Im Übrigen führt auch diese eidesstattliche Versicherung keineswegs zu einer hinreichenden Glaubhaftmachung der Behauptung, dass das Hindernis - der psychische Zustand des Klägers - erst am 11. August 2005 (also einen Tag nach Ablauf der Frist des § 4 Satz 1 KSchG), behoben war. Die Darlegungen des Klägers auf der zweiten Hälfte der Seite 2 der eidesstattlichen Versicherung legen vielmehr den Eindruck nahe, dass sich der Gesundheitszustand des Klägers bereits in den Tagen vor dem 11. August 2005 jedenfalls soweit gebessert hatte, dass der Kläger bereits zuvor für eine Klageerhebung und erforderlichenfalls für eine Antragstellung gem. § 5 KSchG hätte sorgen können, hat doch der Kläger ausgeführt:

"Ich dachte, es geschafft zu haben, aus diesem tiefen Loch wieder heraus zu kommen, vergaß hierbei aber leider, dass ich meinen Arbeitsplatz verloren hatte. Ich hatte Aufgaben und kam wieder in Schwung. Langsam konnte ich mich auch wieder auf andere Dinge konzentrieren, meinen Haushalt führen. Ich 'funktionierte' wieder. Das Bewusstsein, keine Arbeit mehr zu haben, kam auf. ..."

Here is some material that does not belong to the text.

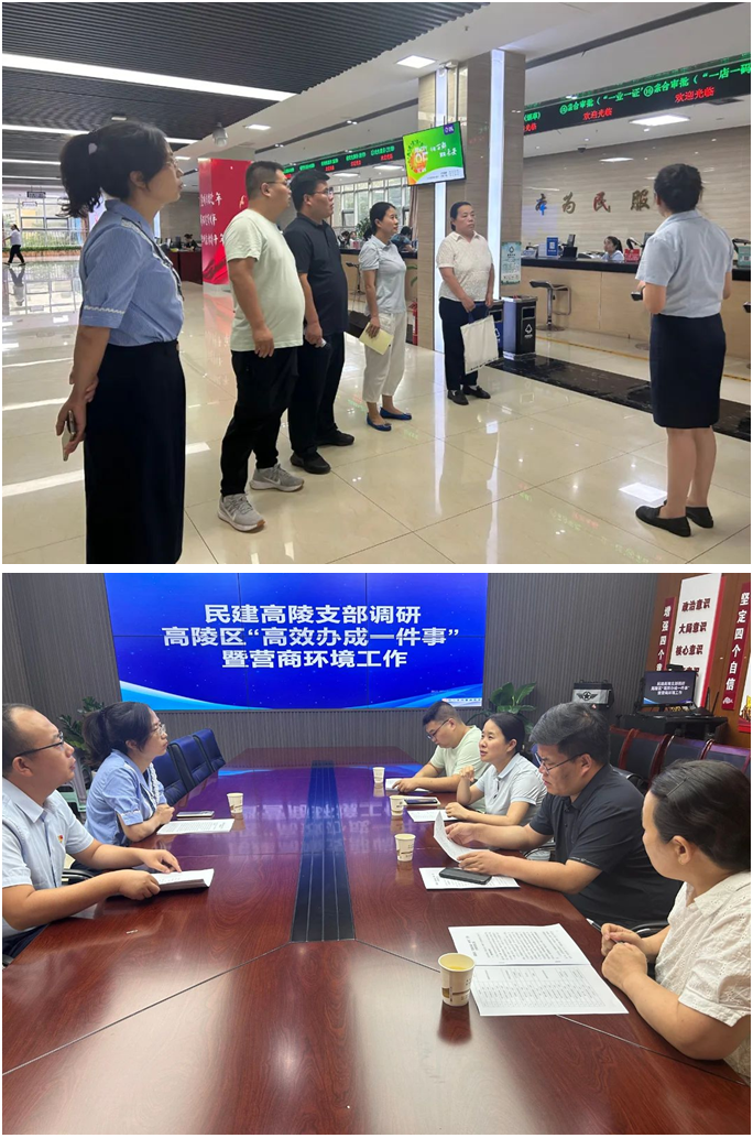 7月29日,民建高陵区支部一行四人到高陵区数据和行政审批服务局开展“高效办成一件事”专题调研。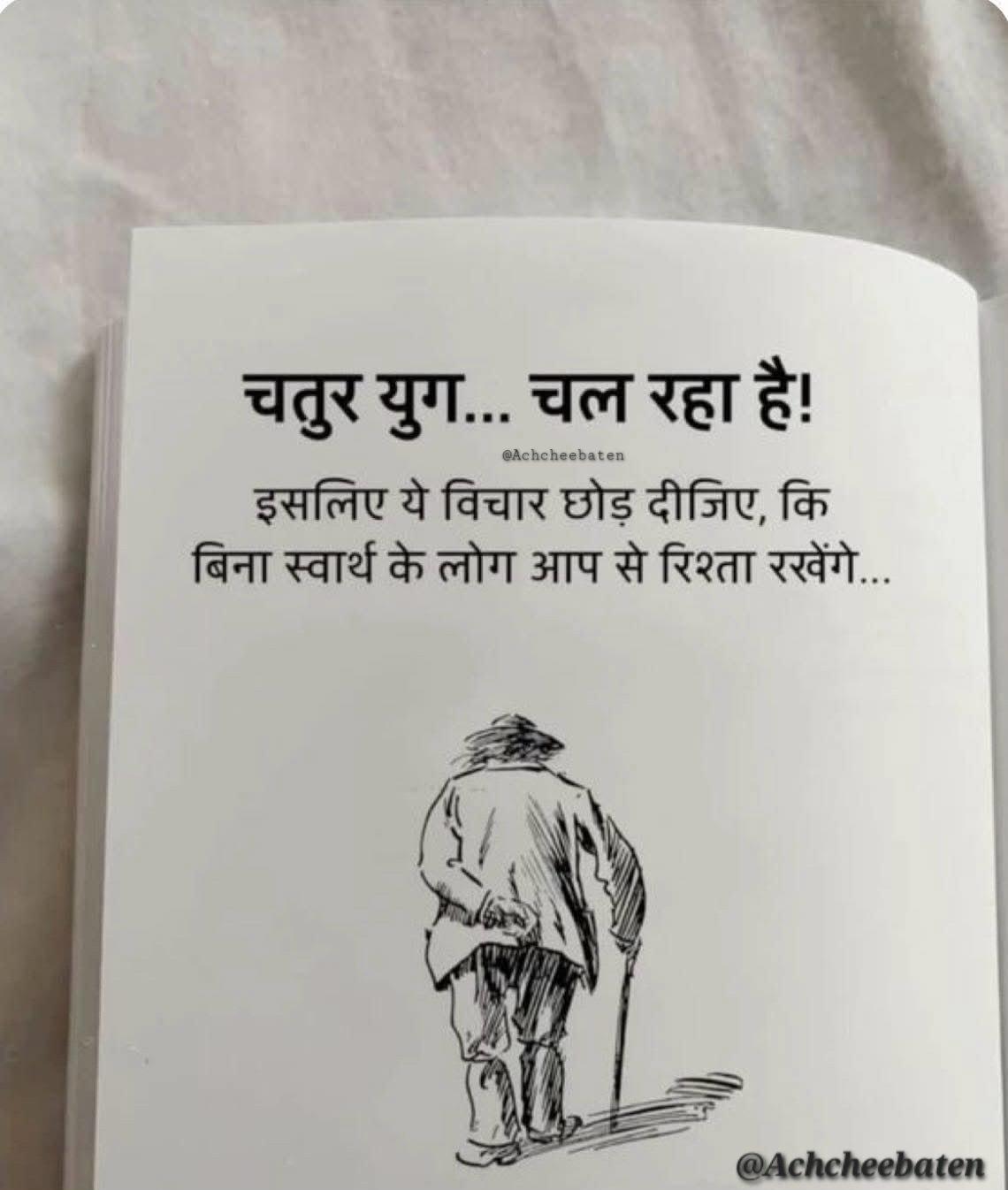 चतुर युग... चल रहा है.. इसलिए ये विचार छोड़ दीजिए, कि बिना स्वार्थ के लोग आप से रिश्ता रखेंगे...! #achcheebaten #scrolllink #quots

Im Weiteren hat der Kläger dargelegt, auf Hinweise eines Freundes, sich doch gegen die Kündigung zu wehren, den Anwalt am 11. August 2005 dann um einen Termin für eine Rechtsberatung gebeten zu haben.

Auf die Frage des Verschuldens (§ 5 Abs. 1 Satz 1 KSchG) ist nach allem nicht weiter einzugehen.

Der Kläger hat die Kosten des Verfahrens zu tragen (§§ 46 Abs. 2 Satz 1 ArbGG, 91 Abs. 1 Satz 1 ZPO).

Die Möglichkeit einer Zulassung der Rechtsbeschwerde besteht nicht (BAG Beschluss vom 20. August 2002 - 2 AZB 16/02 - EzA § 5 KSchG Nr. 34).